Question 1: What does MyNextDeveloper (MND) do?
Answer: MyNextDeveloper (MND) is a remote-first tech company that supplies pre-vetted, highly skilled developers to startups. They offer services such as staff augmentation, API and web development, UI/UX design, and AI/ML solutions. Their goal is to bridge the trust gap between startups and engineers through empathy, communication, and transparency.
Question 6: What is the capital of France?
Answer: I'm sorry, but I don't know the capital of France. The provided text is about a company called MND and doesn't contain information about France's capital.

Notice how the system correctly answers questions about MND but politely declines to answer questions outside its knowledge base.

Google Colab

Here’s the google colab link of this article that can be run in one click: link

Real-World Applications

Here are some practical ways you can use RAG systems:

Customer Support: Upload your FAQ, product manuals, and support tickets. Let the AI handle common questions 24/7.

Internal Knowledge Base: Upload company policies, procedures, and documentation. Employees can ask questions in natural language instead of digging through files.

Sales Assistant: Upload product specifications, pricing, and case studies. Your sales team gets instant access to any information they need during calls.

Content Creation: Upload your existing content, blog posts, and marketing materials. Generate new content that’s consistent with your brand voice.

The Limitations (Let’s Be Honest)

RAG isn’t perfect:

  • Quality depends on your data: Garbage in, garbage out
  • Can hallucinate: Sometimes the AI might make up information that sounds plausible
  • Requires maintenance: You need to keep your knowledge base updated
  • Cost considerations: API calls can add up with heavy usage

Key Implementation Insights

From our working example, here are some important technical considerations:

Chunk Size Matters: We used 300 characters with 50-character overlap. This balances context preservation with retrieval precision.

Embedding Quality: Google’s embedding-001 model provides good general-purpose embeddings, but you might need domain-specific embeddings for specialized content.

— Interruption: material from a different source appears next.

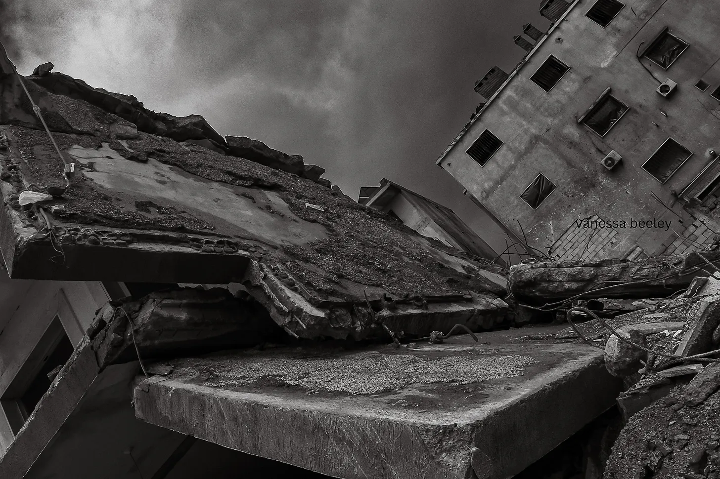 A four storey apartment block bombed by ‘Israel’ at dawn. Photo: Vanessa Beeley

Retrieval Strategy: The k=3 parameter means we retrieve 3 most relevant chunks. You can adjust this based on your use case.

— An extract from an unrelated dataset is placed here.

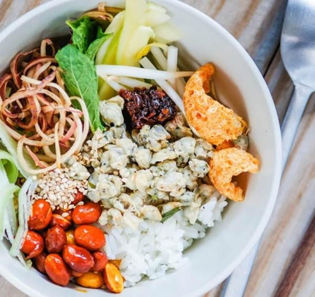 Cơm hến hòa quyện các nguyên liệu, gia vị có vị béo bùi, ngon ngọt và hương

Prompt Engineering: Our prompt explicitly tells the AI to say “I don’t know” when information isn’t available. This prevents hallucination.

Tips for Success

  1. Start small: Begin with one specific use case rather than trying to cover everything
  2. Keep documents updated: Outdated information leads to frustrated users
  3. Test extensively: Try lots of different questions to understand where your system works well and where it doesn’t
  4. Monitor usage: Keep an eye on what questions people are asking to improve your knowledge base
  5. Iterate on chunk size: Experiment with different chunk sizes and overlap values for your specific content

What’s Next

In our next article, we’ll explore fine-tuning — taking an existing AI model and training it specifically for your use case. While RAG gives AI access to your information, fine-tuning actually changes how the AI “thinks” about your domain.

RAG is often the best starting point because it’s simpler, more transparent, and easier to maintain. But sometimes you need that extra level of customization that only fine-tuning can provide.